In virtue of GCT, we can also observe how biological events (such as duplications contained in the repeated tracts of the human genome) might generate detectable deviations from the maximum entropy solution. We focused on coding regions, which sequences are constrained by the fact that, under certain reading frames, tri-nucleotides are translated into amino acids following a species-specific code. Here, we investigate whether, even in a given codon bias system, the GCT is still detectable as an entropic tendency. Through the human codon usage, we found a significantly positive correlation between the frequency of the codons and the frequency of the corresponding reverse-complement codons (Pearson correlation = 0.5 with a P-value < 10−4). On the contrary, there is no correlation between the codon frequency and those of their complement codons (Pearson correlation R2 = 0.0 with a P-value = 1). This indicates that, despite selective biological pressures, there is a significant GCT trace in the human codon bias. We went further on this path, and we generated 107 random permutations of the observed codon usage frequencies to evaluate the stability of the GCT signal in the human codon usage. The 107 random codon frequencies preserve the amino acid abundance to maintain the same protein composition for each randomly generated codon usage (see ‘Methods’). We then evaluate the Pearson correlation of the codon frequency as a function of the distance between the ‘true’ human codon usage and the corresponding random permutations. The results, reported in Figure 5, show that the more the simulated codon usage is distant from the true one, the less (on average) the RC-pairs correlate. Conversely, this does not happen for the C-pairs. The result confirms that the GCT signal in the human codon bias is robust. In broader terms, assuming ‘perfect GCT compliance’ as the energy equilibrium, we could tentatively see the energy needed to deviate from the equilibrium while keeping a certain level of GCT ‘unbalance’ (i.e. and R2 of 0.5) within the adopted codon usage, as an upper limit for the evolutionary ‘energy gain’ represented by the usage of alternative codon usage.

Figure 5 .


Figure 5

Pearson correlation of the codon frequency as a function of the distance between the observed human codon usage and the random permutations. The correlation is computed for the pairs of different codon frequency that are the reverse complement (RC-pairs) and simple complement (C-pairs). We generated 107 random samples by shuffling the codon frequencies inside the group coding for the same amino acid, to keep constant the natural amino acid abundance. The R2 between the computed Pearson (y-axis) and the distance (x-axis) for the RC-pairs is 0.65 (R2 = 0 for the C-pairs). This indicates that there is a tendency to lose the Chargaff’s second parity rule fingerprinting moving away from the true codon usage.

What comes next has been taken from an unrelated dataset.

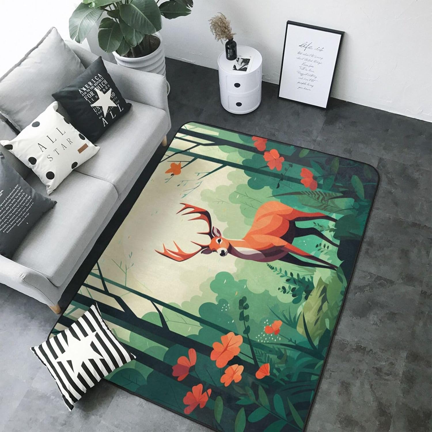 This Fawn Illustration printed decorative carpet is made of polyester flannel, which is delicate and soft to the touch, with tight and regular pile. It will not pill or fade after long-term use, and will always look like new. The middle layer uses high-density memory foam, which can automatically adjust according to the foot shape and pressure, providing precise massage for tired feet and relieving fatigue. The bottom is designed with non-slip plastic bottom non-woven fabric, which can firmly grip the ground even when it encounters water or on smooth surfaces, ensuring the safety of the elderly and children. It is easy to clean daily, can be machine washed or hand washed, and is wear-resistant and does not shed. Exquisite stitching technology and high-quality tailoring, with smooth edges, are suitable for a variety of scenes such as bathrooms, living rooms, and bedrooms. Non-slip, comfortable, and durable, adding a touch of intimacy and elegance to your life.
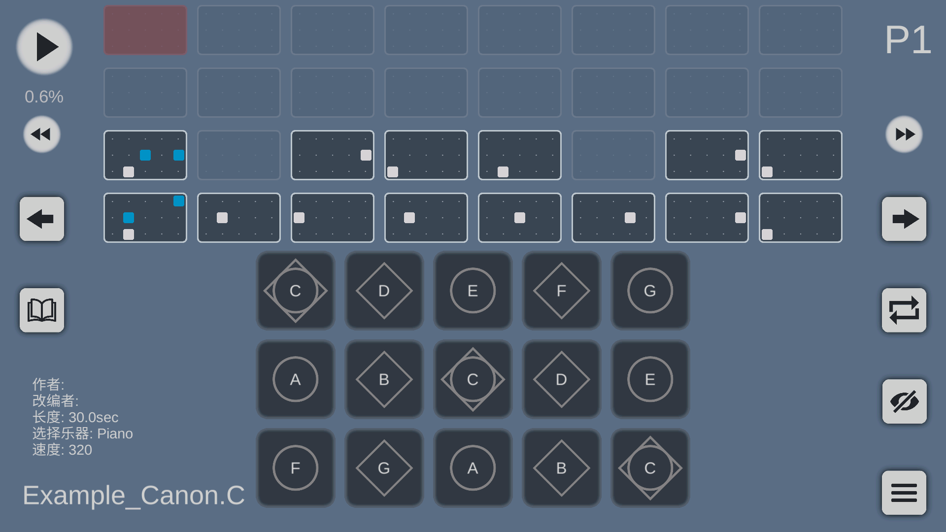 一、作曲模式(Compose Mode)——用于创建乐谱并进行试听 1、乐谱保存与加载 2、播放 / 暂停 3、节拍器 4、双层音轨系统 5、对乐谱片段进行复制、剪切、擦除和删除 6、可选择 BPM、音高和乐器 二、练习模式(Practice Mode)——用于练习已制作或导入的乐谱 1、加载乐谱 2、练习系统(如指定段落循环、隐藏按键等功能) 3、调整演奏垫大小,并切换乐谱显示模式 4、播放 / 暂停乐谱 5、节拍器 6、可选择 BPM、音高和乐器 三、乐器演奏模式(Instrument Pad Mode)——将乐器按键拆分为独立演奏垫,可自由演奏 1、选择音高和乐器 2、调整演奏垫大小 3、节拍器 四、【其他功能】 1、洞穴混响效果 2、延迟音效同步skystudio光遇练琴软件如何切换中文语言

Chargaff’s signature can also found in pieces of the genomes, such as coding sequences (CDS) and long non-coding RNA regions (lncRNA). In these cases, Chargaff’s scores are 0.96 and 0.98 for CDS lncRNA, respectively (see Supplementary data available online at https://academic.oup.com/bib). The corresponding Chargaff’s score for the whole chromosomes is close to 1.

Remembering that in the human genome the abundance of trimers is not uniform and follows the GCT (see Supplementary Figure 3S available online at https://academic.oup.com/bib), another validation of the role played by the dsDNA energy constraints is provided by the observation of context-dependent mutations within the human genomes of the human 1000 Genomes Project [30]. As recently reported [10], when stratifying the occurrences of a given mutation A → B within a human population by considering the 5′ and 3′ context nucleotides, the relative abundance of the various NAN → NBN trimers (k = 3) is not uniformly distributed (N can be any of the four DNA nucleotides for two fixed nucleotides A and B). We can assume that, among other causes, GCT as a major driver toward the equilibrium of the genome, maybe one of the reasons for the observed non-uniformity of the mutation NAN → NBN. If this is the case, we expect that at population level, the evolutionary success of a given mutation type, approximated by its average population frequency, should match the average population frequency of the mutation type substituting the RC of NAN into the RC of NBN, hence ensuring compliance with GCT (see Supplementary Information available online at https://academic.oup.com/bib). This is what we observe from empirical data (see Supplementary Figure 4Sb available online at https://academic.oup.com/bib).

Discussion

Here, we showed that the intra-strand symmetries in the dsDNA emerge from the double-helix structure and the randomness. In this respect, we defined the principle of the GCT, which expands the unexpected ‘exceptional symmetry’ found in double-helix DNA as just the most likely and simplest probability distribution attainable for a duplex DNA. It should be emphasized that we obtained this result by solely imposing the base-pairing energy constraint, due by the symmetrical nature of the DNA double helix, and using the entropy maximization without specifying an energy form at a quantitative level. These two simple physical ingredients, rather than biological events, seem to be able to explain most of the observed genome-wide patterns that generalize the discovery made by Chargaff in 1968 (Chargaff’s second parity rule).

It is worth noticing that a simple model that generates random sequences with the same dsDNA frequency, such as P(A) = P(T) and P(C) = P(G), by construction, satisfy Chargaff’s second parity rule for the single bases (without explaining it). However, this process does not create the asymmetry between RC and C-pairs found in the genomes. Moreover, the numbers of RC-pairs would decrease exponentially with the k-mer length, which disagrees with both our predictions and the experimental observations.

GCT makes predictions that have been confirmed in empirical data, including dsDNA viruses and intracellular organelles, with the exception of mitochondria. Future work will be needed to further address the sequence length and biochemical peculiarities of these organelles.

Overall, our results show that processes that increase the entropy of a dsDNA molecule (such as inverted duplications and other such biological events [22,25,26]) are favored, and we speculate that exceptions to this trend may provide future opportunities to measure the energetic content of the biological information embedded in dsDNA sequences shaped by the natural selection.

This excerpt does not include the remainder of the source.